Behind the greenhouse, in the camper where Nichols stayed, Komora found another pistol and three more rifles.
Nichols is better known as the “mountain man” who was convicted in the 1980s with his father for the kidnapping of biathlete Kari Swenson in southwestern Montana.
Assistant U.S. Attorney Joseph Thaggard argued the weapons found at the greenhouse and in the camper were used to protect the drug operation.
Williams’ attorney, Michael Donahoe, said the firearms belonged to individual employees.
The trial is expected to last until at least Thursday, and Donahoe said Williams may take the stand. Donahoe so far has tried to make the case through cross-examination of witnesses that Montana Cannabis was a legitimate business with employee schedules, payrolls and bookkeeping.
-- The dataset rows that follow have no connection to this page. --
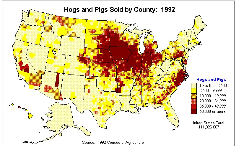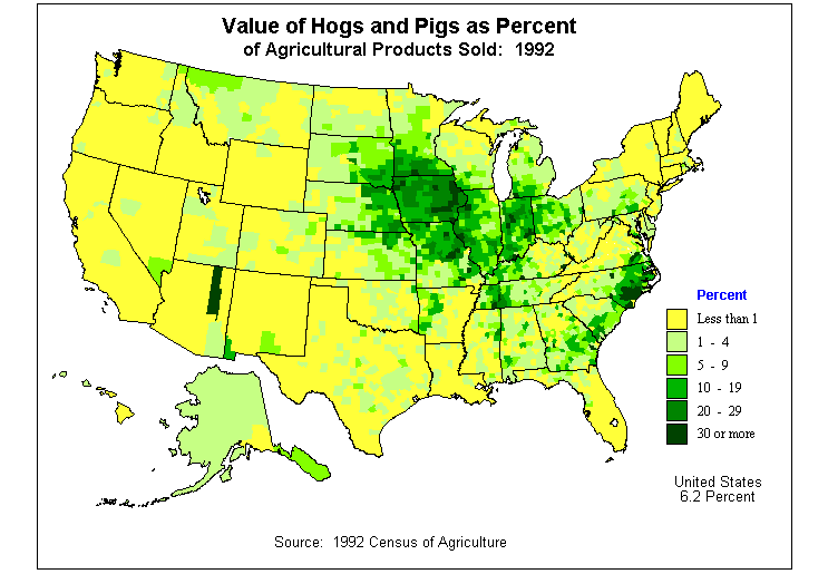 22. Value of Hogs and Pigs as Percent of Agricultural Products Sold: 1992?
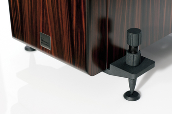 以前の「T3」では、ウーファーをエンクロージャー下辺の近くにセットしていた。その時の配置では、ボトム・ウーファーとミッドレンジ・ウーファー間の距離が離れ、上下方向の音像定位に隙間があると感じられる傾向があった。一方で新しい「シンフォニー・エディション」では、3基のウーファーが等距離で取り付けられており、定位が乱れる心配はなくなっている。脚の部分も高さの微調整が可能となり、スパイク自体と取り付け金具の強度が増している。
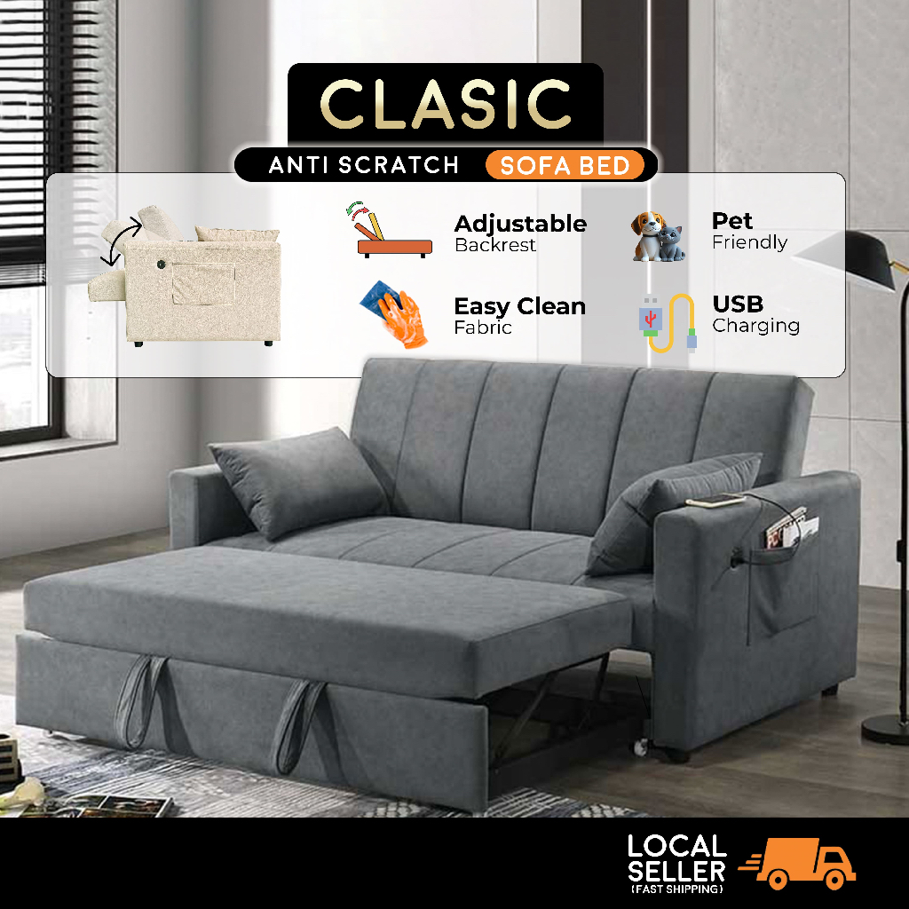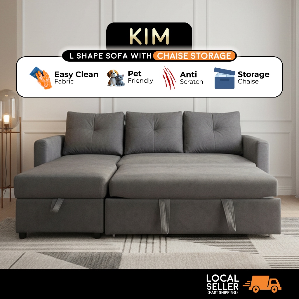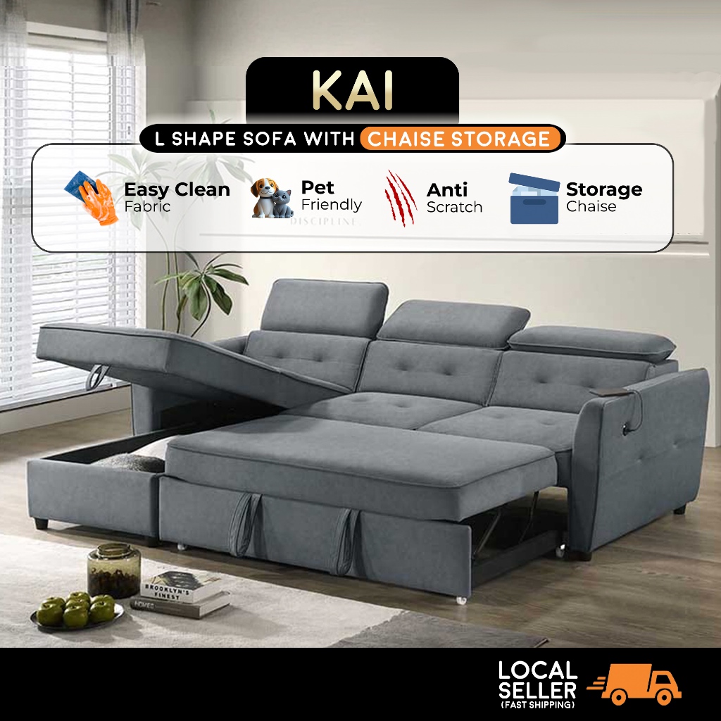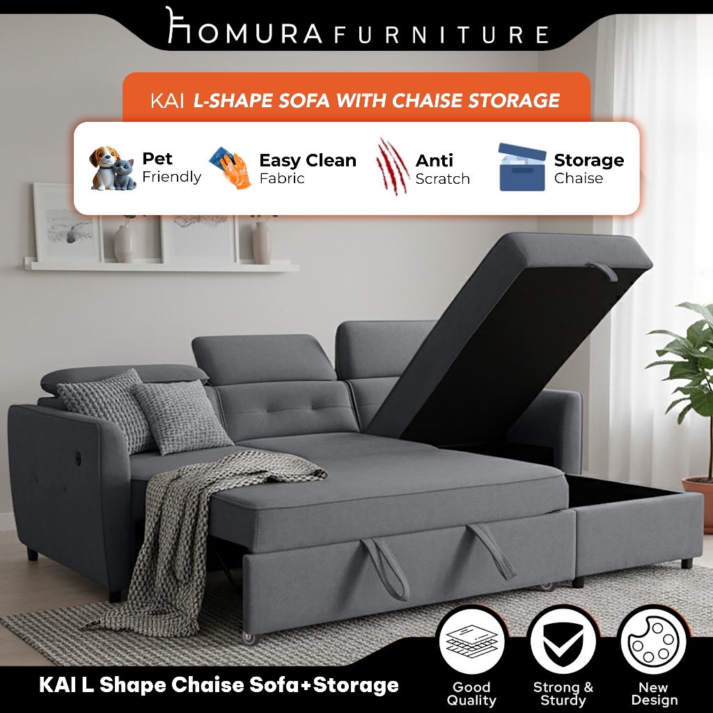 ⚡READY STOCK⚡HOMURA KAI EASY CLEAN 7.2FT KIM L Shape 3 Seater Sofa Bed With Storage&Adjustablehead
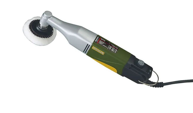 - Urządzenie oferowane w wytrzymałej POLIPROPYLENOWEj walizce z osprzętem: gumowy dysk z haczykiem i pętelką mocującą, gąbka polerująca (średnia twardość), dysk polerujący z owczej wełny, polerujący filc do metalu i metali nieżelaznych (średnia twardość), 12 ściernych dysków K 2000 oraz NIGRIN emulsja polerująca (75 ml), jak również nakładka z mikrofibry.
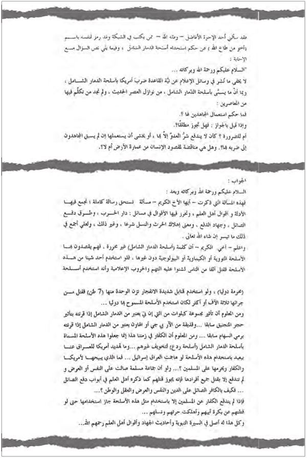 Еще одна фетва, найденная в архивах Бен Ладена, захваченных в Абботтабаде. Этот текст саудовского проповедника по имени Насер бен Хамад аль-Фахд (Nasir bin Hamad al-Fahd) позволяет джихадистам прибегать к помощи ядерного оружия.
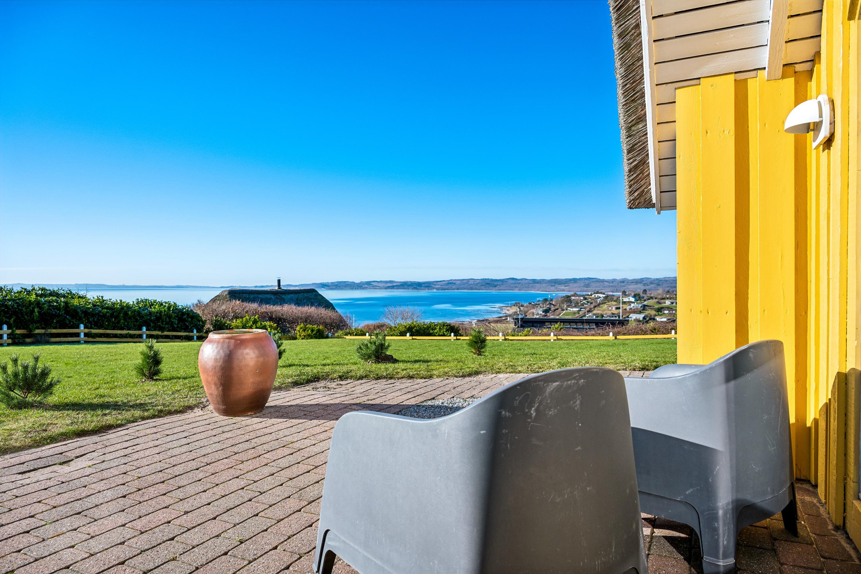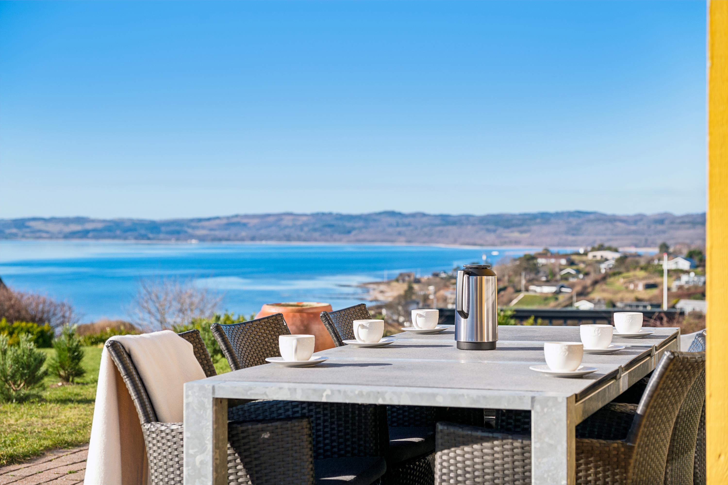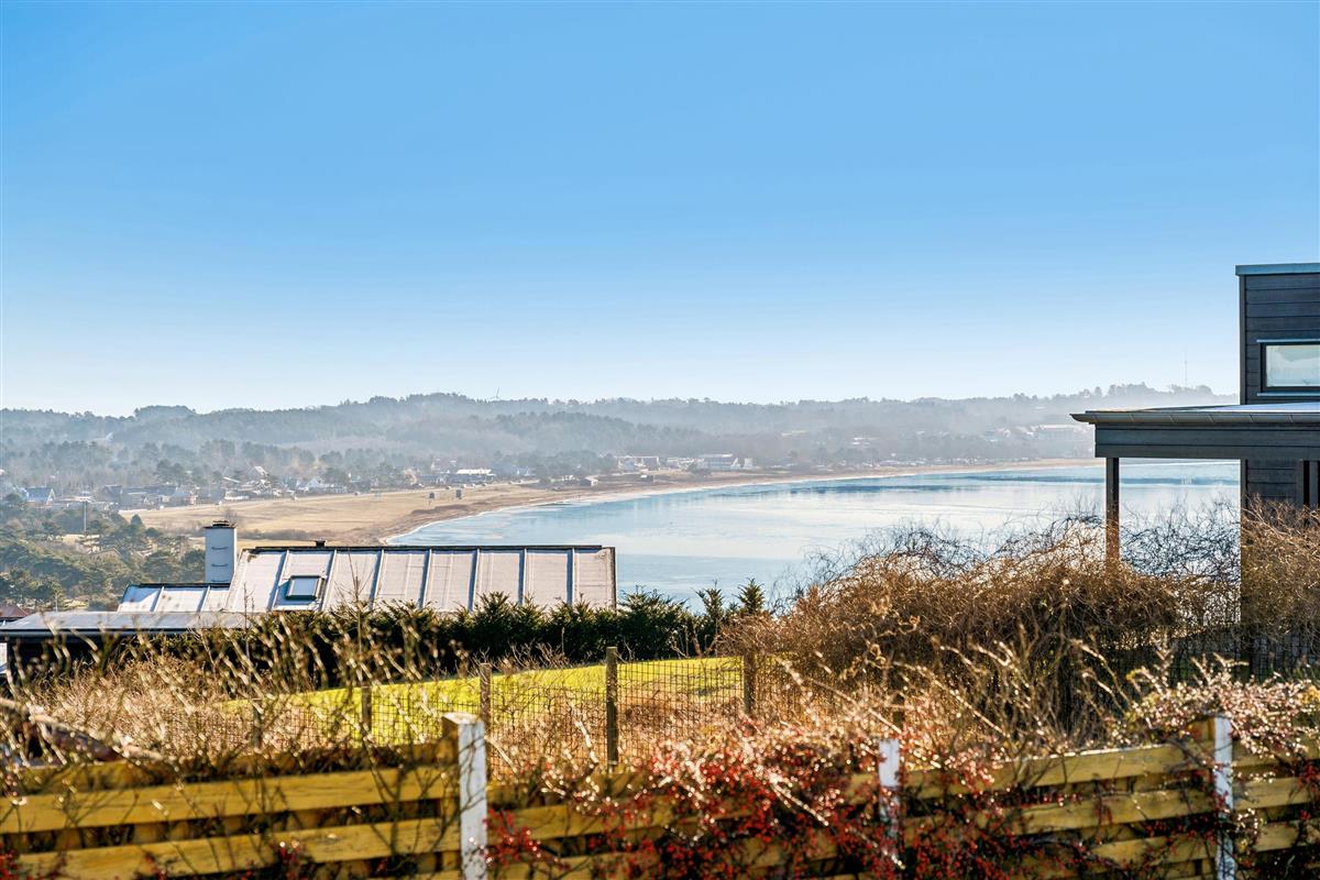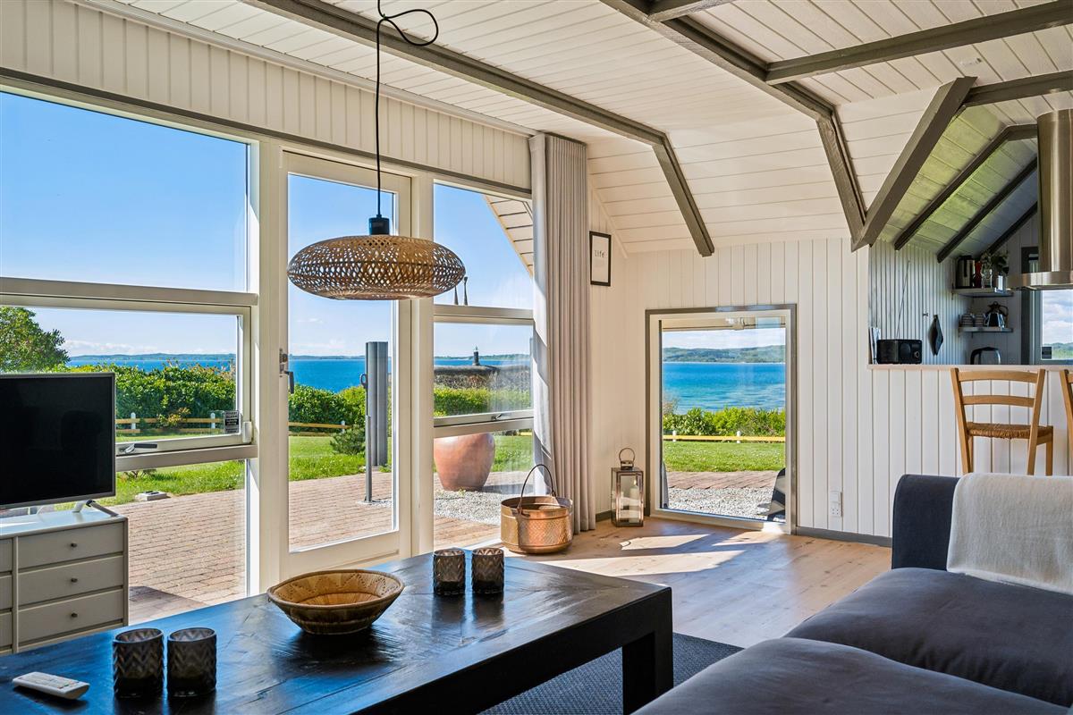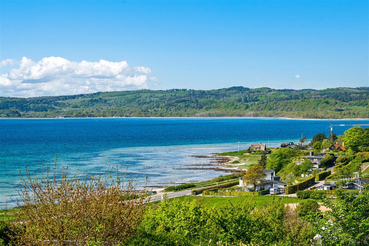 Welcome to this beautifully elevated holiday home at Egsmark Strand, offering one of the most stunning panoramic views in the area. Here, you will find an inviting living room, furnished with quality furniture and direct access to a fantastic terrace with comfortable outdoor seating. Adjacent to the living room is the kitchen, which includes a dishwasher, as well as a lovely and well-furnished dining area. The modern bathroom features a shower, underfloor heating, and access to a washing machine and dryer.
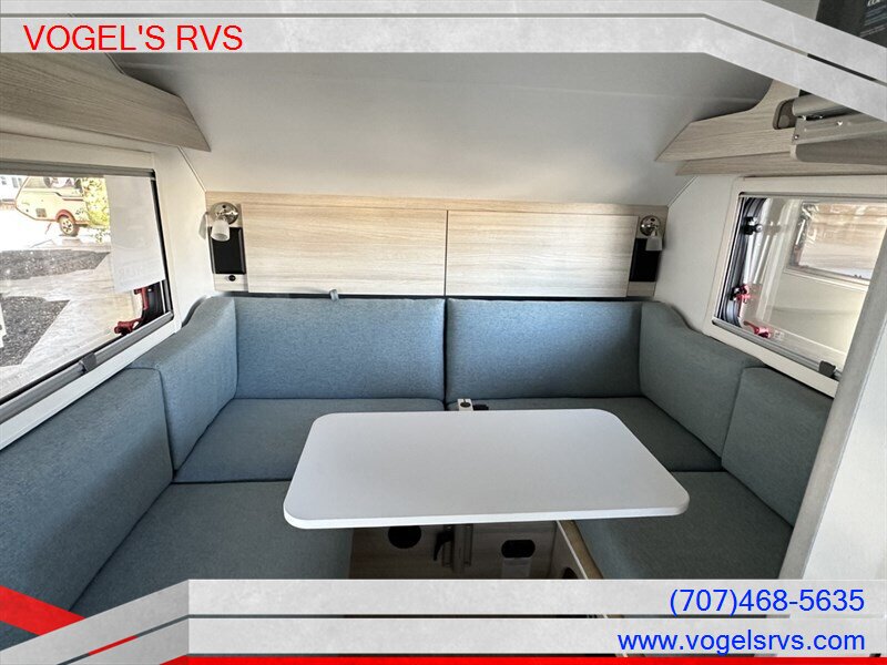 This Teardrop Camper has everything you need to make your camping experience even more enjoyable. The TAB features a U-shaped dinette that converts into a comfortable sleeping area with multiple configuration options. The split cushions allow the dinette to be made into an RV queen-sized bed or a twin bed, with the other half remaining in a seated position. With the TAB, there’s no reason to leave the campground for a delicious meal. The galley kitchen has all the necessary equipment, including a stainless-steel sink, a 2-burner glass-top stove, and a 12v refrigerator. The central air conditioning and hydronic heating system will keep you cool in the summer and warm during the cooler months. The Alde® heating system is silent and effective, keeping you warm and allowing you to enjoy a nice hot shower in the TAB wet bath, including a sink and a cassette toilet.
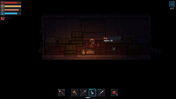ALG is a challenging top-down survival RPG. Explore an expansive, randomly generated world shrouded in darkness. Gather resources, craft items, construct buildings, fight strange creatures, and study magic and science to survive and solve the many mysteries of the forest.
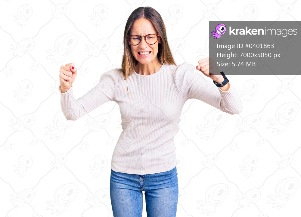 Beautiful brunette young woman wearing casual white sweater and glasses angry and mad raising fists frustrated and furious while shouting with anger. rage and aggressive concept. - Kraken Images

But he is limited by Christensen’s order from saying his client’s business followed state laws or that it was accepted by state and local authorities.
Donahoe also is attempting to separate the grow operation from the backyard operation run by Montana Cannabis partner Richard Flor from 2006 until the partnership began in 2009.
Flor and former partners Tom Daubert and Chris Lindsey made plea deals for a lesser charge of conspiracy to maintain a drug premises. Flor died in prison in August, while Daubert and Lindsey testified against Williams on Monday as part of their plea deals.